The franchisor provided the following services to the franchisee:
1. Trade marks,
2. Operating system,
3. Product reputations,
4. Continuous support systems like advertising, employee training, reservation services,
quality assurance programmes etc.
advantages of franchising
Franchising has much the same advantages as licensing. The franchisee bears most of the costs
and risks of establishing foreign locations; the franchiser has to expend only the resource to
recruit, train, and support franchisees.
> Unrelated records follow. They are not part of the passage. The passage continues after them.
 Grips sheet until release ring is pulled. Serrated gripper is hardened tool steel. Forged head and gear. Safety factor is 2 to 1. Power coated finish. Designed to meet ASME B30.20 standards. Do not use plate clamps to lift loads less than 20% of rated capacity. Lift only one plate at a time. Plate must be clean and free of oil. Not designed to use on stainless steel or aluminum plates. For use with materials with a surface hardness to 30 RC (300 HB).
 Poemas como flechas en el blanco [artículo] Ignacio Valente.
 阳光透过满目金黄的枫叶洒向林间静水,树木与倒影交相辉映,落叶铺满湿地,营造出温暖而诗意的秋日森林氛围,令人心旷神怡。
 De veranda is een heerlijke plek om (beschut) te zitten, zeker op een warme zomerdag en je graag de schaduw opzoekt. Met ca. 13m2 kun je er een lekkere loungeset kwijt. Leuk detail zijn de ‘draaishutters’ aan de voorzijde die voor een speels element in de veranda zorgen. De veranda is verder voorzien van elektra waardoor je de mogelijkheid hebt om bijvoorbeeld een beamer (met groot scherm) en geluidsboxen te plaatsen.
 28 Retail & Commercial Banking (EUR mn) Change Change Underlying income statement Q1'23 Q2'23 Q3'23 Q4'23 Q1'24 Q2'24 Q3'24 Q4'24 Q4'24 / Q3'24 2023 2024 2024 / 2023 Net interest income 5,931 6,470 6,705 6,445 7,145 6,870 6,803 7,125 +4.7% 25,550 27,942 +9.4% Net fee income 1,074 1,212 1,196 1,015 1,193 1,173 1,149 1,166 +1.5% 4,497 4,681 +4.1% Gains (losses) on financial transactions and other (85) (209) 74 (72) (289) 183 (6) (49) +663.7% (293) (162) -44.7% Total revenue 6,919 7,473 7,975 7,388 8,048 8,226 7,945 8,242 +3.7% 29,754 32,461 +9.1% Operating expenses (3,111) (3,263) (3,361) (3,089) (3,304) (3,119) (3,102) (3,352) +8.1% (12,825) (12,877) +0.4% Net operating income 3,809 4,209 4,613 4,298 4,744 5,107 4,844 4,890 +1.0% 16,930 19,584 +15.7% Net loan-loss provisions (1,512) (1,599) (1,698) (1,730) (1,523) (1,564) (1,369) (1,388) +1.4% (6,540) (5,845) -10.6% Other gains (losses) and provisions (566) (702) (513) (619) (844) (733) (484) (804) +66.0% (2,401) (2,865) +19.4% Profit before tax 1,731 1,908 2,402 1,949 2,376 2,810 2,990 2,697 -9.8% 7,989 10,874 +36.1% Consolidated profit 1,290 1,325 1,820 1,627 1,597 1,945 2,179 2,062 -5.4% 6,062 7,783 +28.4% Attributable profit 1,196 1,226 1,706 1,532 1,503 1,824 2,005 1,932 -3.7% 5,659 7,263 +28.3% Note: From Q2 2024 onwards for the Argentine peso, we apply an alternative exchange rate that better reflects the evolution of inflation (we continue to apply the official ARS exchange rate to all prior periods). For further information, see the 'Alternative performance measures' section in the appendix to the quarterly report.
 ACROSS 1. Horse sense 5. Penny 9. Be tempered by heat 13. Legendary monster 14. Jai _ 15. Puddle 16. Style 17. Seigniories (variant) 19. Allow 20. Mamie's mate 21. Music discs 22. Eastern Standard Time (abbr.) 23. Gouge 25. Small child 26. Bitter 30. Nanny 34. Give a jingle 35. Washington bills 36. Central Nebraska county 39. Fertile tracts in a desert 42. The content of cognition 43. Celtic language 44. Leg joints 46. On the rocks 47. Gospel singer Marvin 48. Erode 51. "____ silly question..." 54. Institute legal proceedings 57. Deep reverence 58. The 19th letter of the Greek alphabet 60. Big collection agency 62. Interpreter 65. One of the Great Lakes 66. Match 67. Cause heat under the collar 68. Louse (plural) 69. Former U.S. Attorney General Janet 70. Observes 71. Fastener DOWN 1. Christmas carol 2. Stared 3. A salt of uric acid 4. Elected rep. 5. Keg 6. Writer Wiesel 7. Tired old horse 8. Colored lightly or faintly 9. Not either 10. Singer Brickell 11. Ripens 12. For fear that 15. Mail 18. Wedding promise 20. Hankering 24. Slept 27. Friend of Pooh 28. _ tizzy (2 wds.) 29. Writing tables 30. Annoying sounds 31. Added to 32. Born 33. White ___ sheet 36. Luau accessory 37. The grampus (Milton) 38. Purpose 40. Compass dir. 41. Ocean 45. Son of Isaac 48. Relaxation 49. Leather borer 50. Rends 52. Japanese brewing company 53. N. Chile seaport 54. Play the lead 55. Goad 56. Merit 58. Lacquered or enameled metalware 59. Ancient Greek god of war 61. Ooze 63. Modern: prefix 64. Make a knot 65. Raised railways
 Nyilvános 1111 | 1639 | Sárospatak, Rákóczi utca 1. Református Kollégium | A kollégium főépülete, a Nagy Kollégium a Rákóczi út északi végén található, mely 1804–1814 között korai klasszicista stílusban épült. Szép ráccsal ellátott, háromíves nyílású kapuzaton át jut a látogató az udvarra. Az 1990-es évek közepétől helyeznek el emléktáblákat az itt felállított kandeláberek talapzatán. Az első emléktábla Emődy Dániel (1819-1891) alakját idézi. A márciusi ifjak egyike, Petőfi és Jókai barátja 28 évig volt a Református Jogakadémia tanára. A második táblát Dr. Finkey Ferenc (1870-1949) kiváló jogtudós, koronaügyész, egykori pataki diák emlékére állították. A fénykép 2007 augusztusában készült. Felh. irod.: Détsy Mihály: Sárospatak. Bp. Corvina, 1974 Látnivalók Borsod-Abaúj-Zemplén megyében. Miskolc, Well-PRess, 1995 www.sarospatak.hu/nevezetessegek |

Thus using a franchising strategy, a service firm can build
a global presence quickly and at a relatively low cost and risk, as McDonald’s has.
Disadvantages of franchising
The big problem a franchiser faces is maintaining quality control; foreign franchisees do not
always exhibit strong commitment to consistency and standardization, perhaps because the local
culture does not stress or put much value on the same kinds of quality concerns.
Example: McDonald’s, Tricon Global Restaurants (the parent of Pizza Hut, Kentucky
Fried Chicken, and Taco Bell), and Hilton Hotels have all used franchising to build a presence in
foreign markets.
self assessment
Fill in the blanks:
1. Exporting may help a firm achieve …………………. and ………………….
2. …………………. projects are a way of earning great economic returns from the assets.
3. The optimal entry mode for the firms depends to some degree on the nature of their
………………….
4. …………………. barriers can make exporting uneconomical.
5. …………………. is often used when a firm wishes to participate in a foreign market but is
prohibited from doing so by barriers to investment.